Table 2 Classification of drug-related problems in the patient population
Table 3 Examples of interventions performed by a clinical pharmacist
Table 4 Examples of observed adverse drug events
Table 5 Factors most predictive of the presence of DRP: results of multivariate logistic regression analysis

Discussion

In our study, 152 DRPs were identified and 120 DRPs were totally solved. This reveals the importance of involving the clinical pharmacist in a multidisciplinary team. The most common DRPs in our study were possible or actual adverse drug events. Since the patient population was generally elderly and cancer patients, they were exposed to polypharmacy and drug-drug interactions. Additionally, this was not surprising since the risk of exposure to possible or actual adverse drug events was high due to the anticancer medications they use [36, 37]. Adverse drug events varied across studies.

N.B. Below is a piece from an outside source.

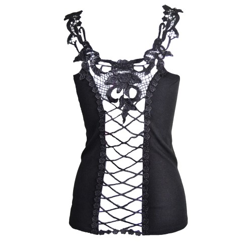 CROSS LACE VEST LADIES BLACK
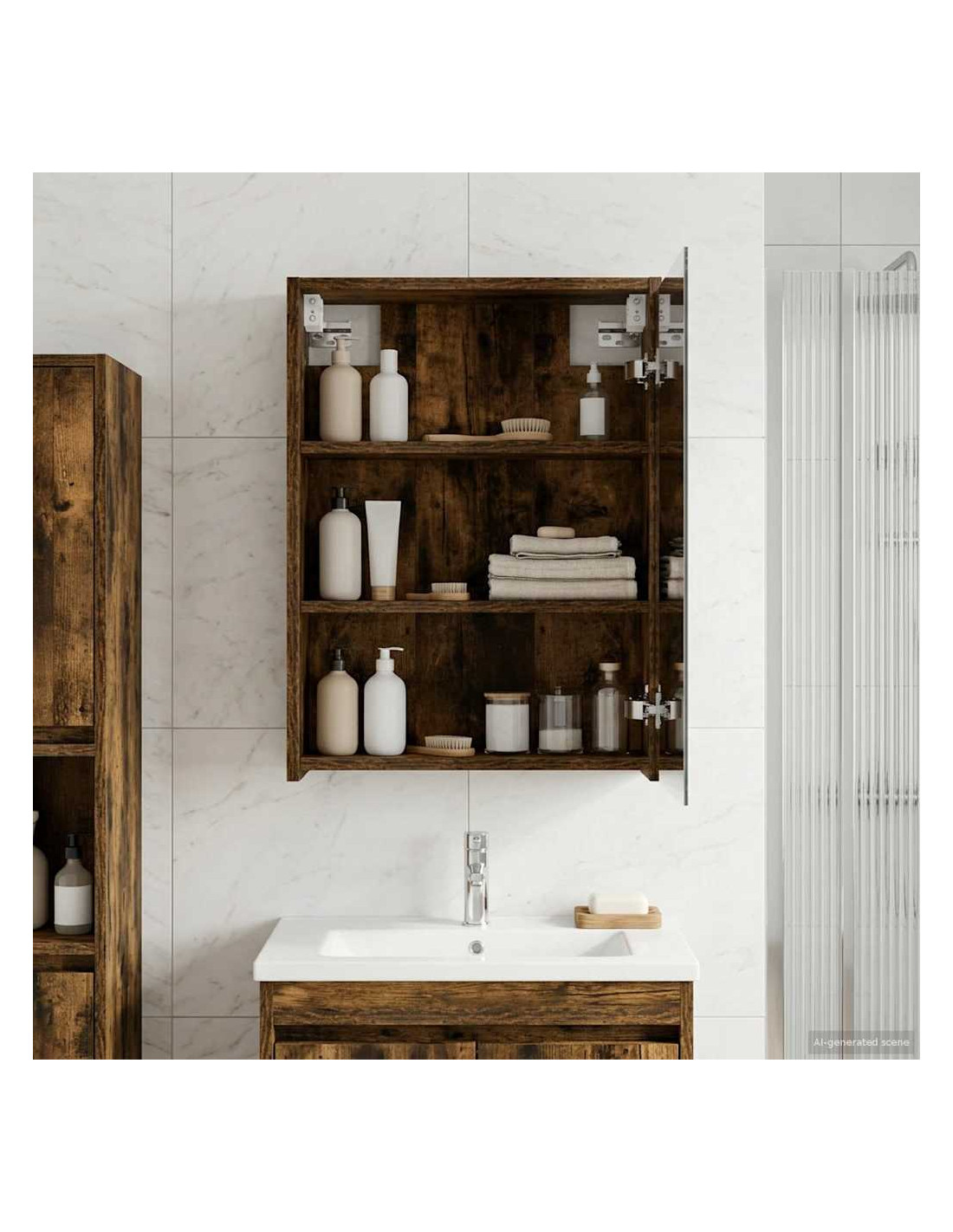 Questo mobile specchiera bagno moderno unisce stile e funzionalità con il suo design elegante, rendendolo perfetto per bagni contemporanei. È semplice e utile, si integra facilmente in qualsiasi decorazione del bagno, offrendo ottime soluzioni di stoccaggio. Con il suo specchio a doppio lato e le opzioni regolabili, si adatta alle diverse preferenze di chi lo usa. Costruzione in legno ingegnerizzato : Realizzato in legno ingegnerizzato resistente, questo mobile assicura stabilità e durata, perfetto per i bagni moderni. Non teme i cambiamenti, quindi mantiene sempre il suo fascino. Specchio bidirezionale : Questo mobile ha un innovativo specchio bidirezionale che offre sia riflessione che trasparenza, ideale per chi desidera privacy in spazi condivisi. Facilità d'uso : Con le porte a cerniera, accedi facilmente al tuo spazio. Si aprono senza problemi, così puoi prendere ciò che ti serve senza fatica. Mensole regolabili : Le mensole che puoi adattare fanno sì che tu possa tenere in ordine gli oggetti, perfette per articoli di varie dimensioni. Design montato a parete : Grazie al suo design a muro, questo mobile ti fa risparmiare spazio e offre un aspetto pulito. È particolarmente utile in bagni piccoli, per massimizzare lo spazio senza perdere in stile.

While this rate was 28.6% in the study conducted by Kim et al. [5] in the hematology service, it was 78.6% in the study conducted by Umar et al. [14] in the oncology service. Since Kim et al.‘s study [5] was retrospective, the rate of possible or actual adverse effects may have been found to be low. Additionally, although both studies used the PCNE classification system, it was not mentioned in Kim et al.‘s study which drug-drug interaction tool was used and which risk ratio for drug-drug interaction was considered clinically significant.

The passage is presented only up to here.